I also hit something else that the pundits seems to have discovered and bothered me considerably, and that was the last year
of a person's life is the most expensive medically. What did one expect? He real question was, were we spending money
properly? This seemed to be an appropriate time to quote Governor Lamm of Colorado (that I was later to debate on this subject,
on the Green in Hanover, New Hampshire) when he said concerning older people: "They ought to die more quickly" and
"get out of the way". I made it clear that that phrase bothers me, especially with people who say it is the choice
of the older folks. I know so much by personal experience that it frequently is not the older person's choice, but someone
else's. Various living wills and medical powers of attorney were being doubted, in the days of this lecture, as being
the kind of documents that express an individual's personal choice for a so-called "Death with dignity". But when
push comes to shove, and a patient faces the choice of the type of life he or she is living or a "death with dignity",
a patient very often choices life over death. I find no fault with any old person who does not agree with Governor Lamm.

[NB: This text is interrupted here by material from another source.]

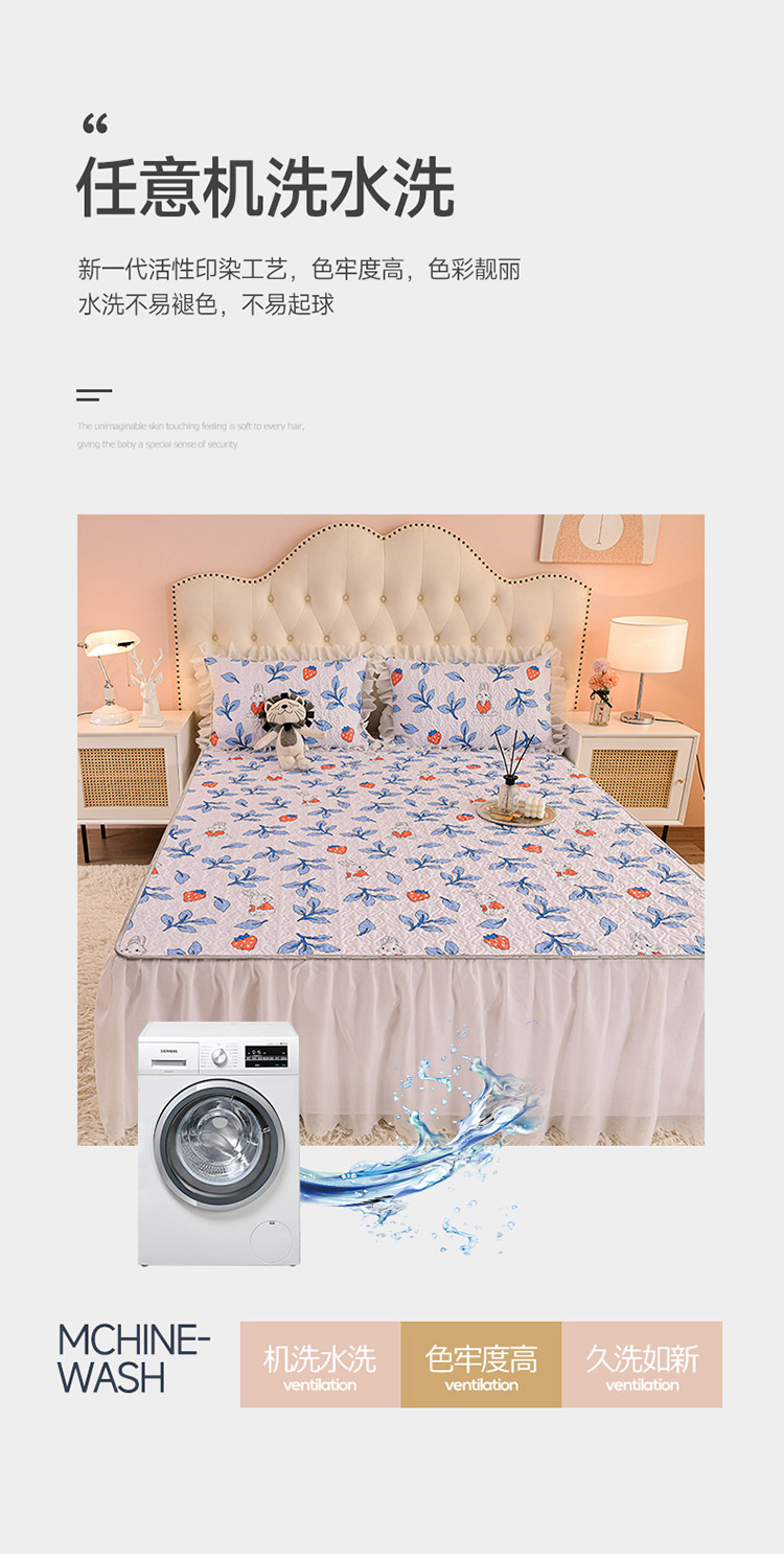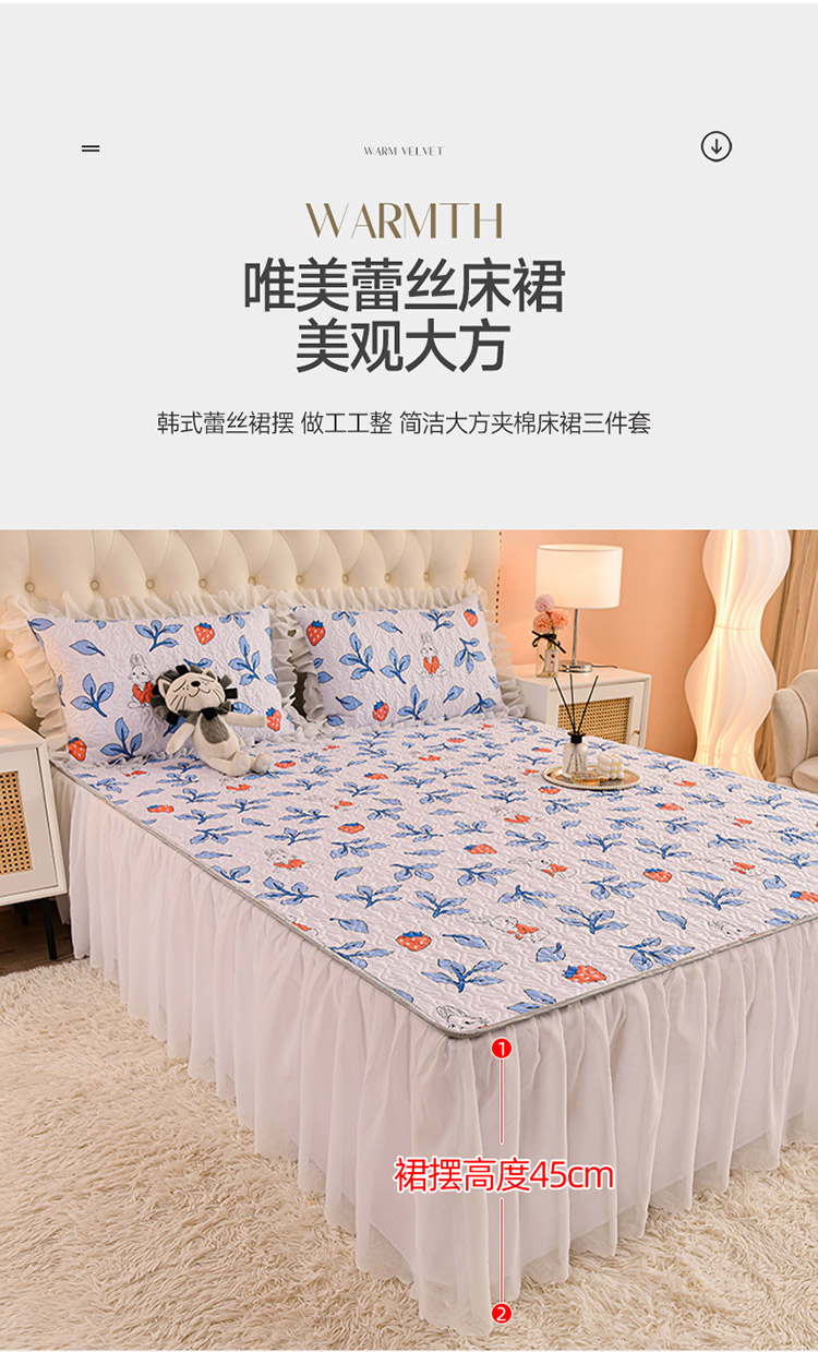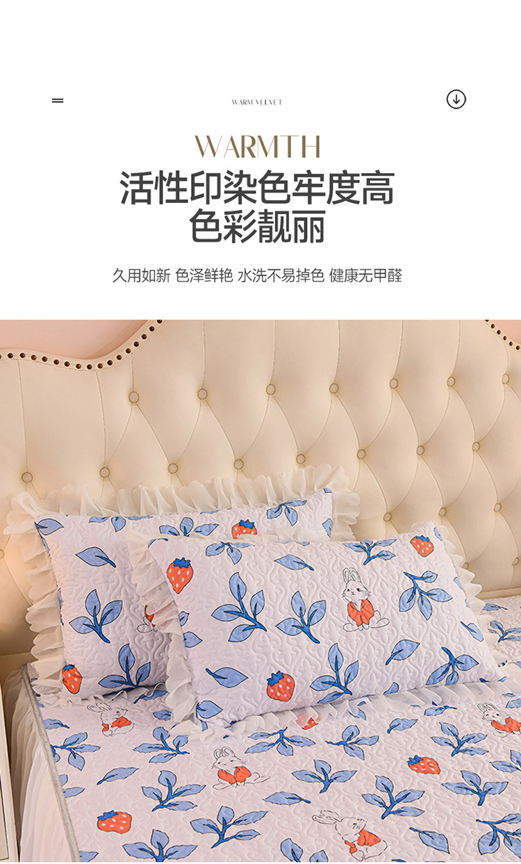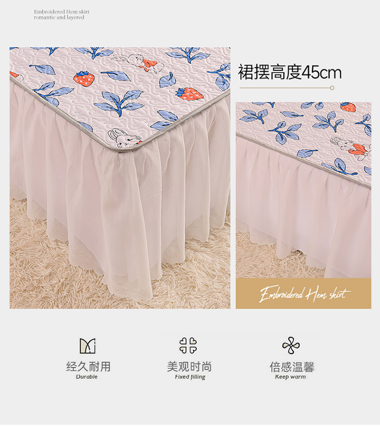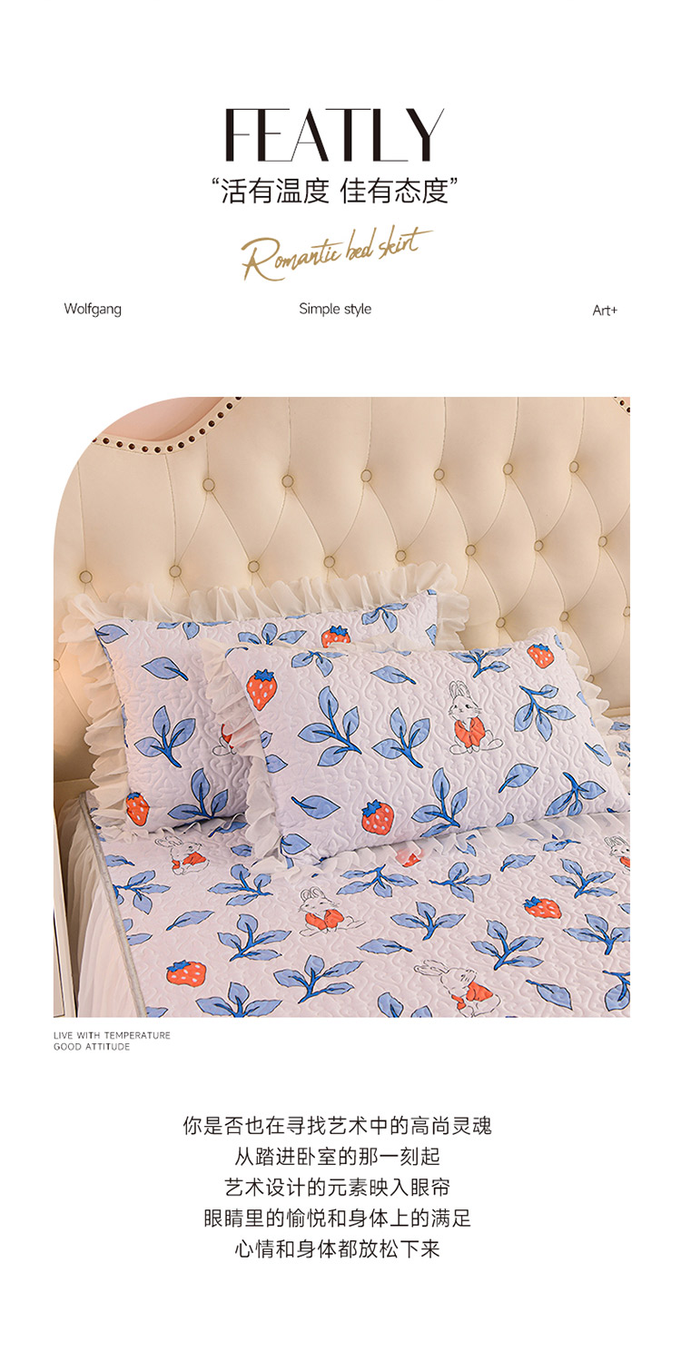 商品名称:艾兜坊 2023新款轻柔云感水洗磨毛夹棉床裙草莓兔兔

This was a natural entree to a discussion about euthanasia. I thought then, and I think now that one of the most important
things I could say on this issue was: "There is a great deal of difference between giving the patient all the life to
which she or he is entitled or prolonging the act of dying."
It is true that many of the expenditures made in the last year of a person's life are in the futile pursuit of prolonging
the patient's act of dying. On the other hand, having been a clinician for many years, I know there are many patients
for whom there is a high expectation of recovery. These two types of patients need to be separated in our minds.
I confess to a worry that America will decide such great ethical issues of life and death exclusively in terms of "cost
It certainly is sensible to imply that the possibility exists that the overall health costs of tomorrow's elderly may
be substantially lower, per capita, than it is today, thanks to a popular commitment to health promotion and the prevention
of disease and disability, by both the individual and society. This however, has proven to be an illusive goal. I think largely
because Americans who are preoccupied with health tend to focus on the glamorous things like baboon hearts and titanium knees
and don't think there is much glamour in just saying "no".
I closed with the notion that we could not duck these issues, because they are inconveniently difficult. My parting shot was:
"If you do duck them, they will only come back to haunt you, when you, too, are old . . . and ill . . . and in need of
compassionate health care to ease you through your final years."